Decisions you make about your job today will dramatically impact your future. Some jobs will guarantee a fruitful career, while others predict difficult times. What jobs and careers are destined to be in demand, and which ones will be the losers? It’s important to look to the future 5 to 10 years out.
Research and surveys have shown some potential directions. The U.S. News & World Report released its 2022 rankings. It gives a clear indication of the types of jobs that will be eliminated over time. Here are some of the results, with my comments:
- The marketplace is in disarray. Millions of people are quitting their jobs while others are advancing their prospects by moving up the career ladder from those leaving. Some workers are taking early retirement, starting their own business, while others are just worn down or burned out with the job demands.
- Factors leading to jobs that will disappear. They are: Highly repetitive work; shows low efficiency in performance; unprofitable when compared to alternatives; simple to replace through partial or total automation; or can be consolidated into another job
- Jobs that may disappear: Travel agent; Taxi driver; Store cashier; Fast food cook; administrative legal jobs; data entry clerk; accountant, payroll clerk and bookkeeper; assembly-line factory worker; postal service clerk; bank teller and clerk; material recording and stock-keeping clerk, to name a few.

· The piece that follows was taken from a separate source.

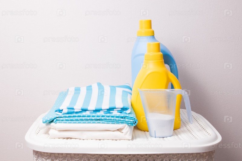 Стопка цветного белья, моющее средство в мерной чашке и гели для стирки в желтых и синих бутылках на белой пластиковой корзине для грязного белья, место для копирования
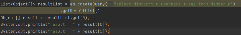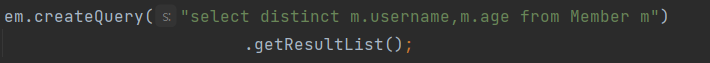 인베디드 프로젝션 -> 조회해온 대상을 select 값이 값타입이다.

- Jobs that will increase in demand: Information Security Analyst (preventing hacks in operating systems); Nurse Practitioner; Physician Assistant; Medical and Health Services Manager; Software Developer; Data Scientist; Financial Manager; Data Scientist; Financial Manager; Statistician; Lawyer; Speech-Language Pathologist. I agree with the health care jobs but disagree with Lawyer (I think we have too many now)
Think about jobs or industries that have been wiped out within a short period of time:
- Watchmakers in department store repair shops, before battery watches
- Auto mechanics before computer diagnostic machines were required
- Check-out cashiers at grocery stores, telephone operators, banks before on-line banking
Questions you should be asking:
- Is my job essential to the performance of the organization?
- Are there too many in my function nation-wide or too few for the future?
- Can my job be automated? Am I in a cutting-edge technology?
- Do I create solutions that a large segment of the population cannot solve?
- Are there any signs or trends that will change my job dramatically?
- If my function was eliminated, what would happen? Can my job be consolidated?
Keep informed of changes that affect your job. Stay ahead of those changes. Look for niches that few people are qualified to do, but are in high demand. You are the only one responsible for your future. Assess your vulnerability before someone else does.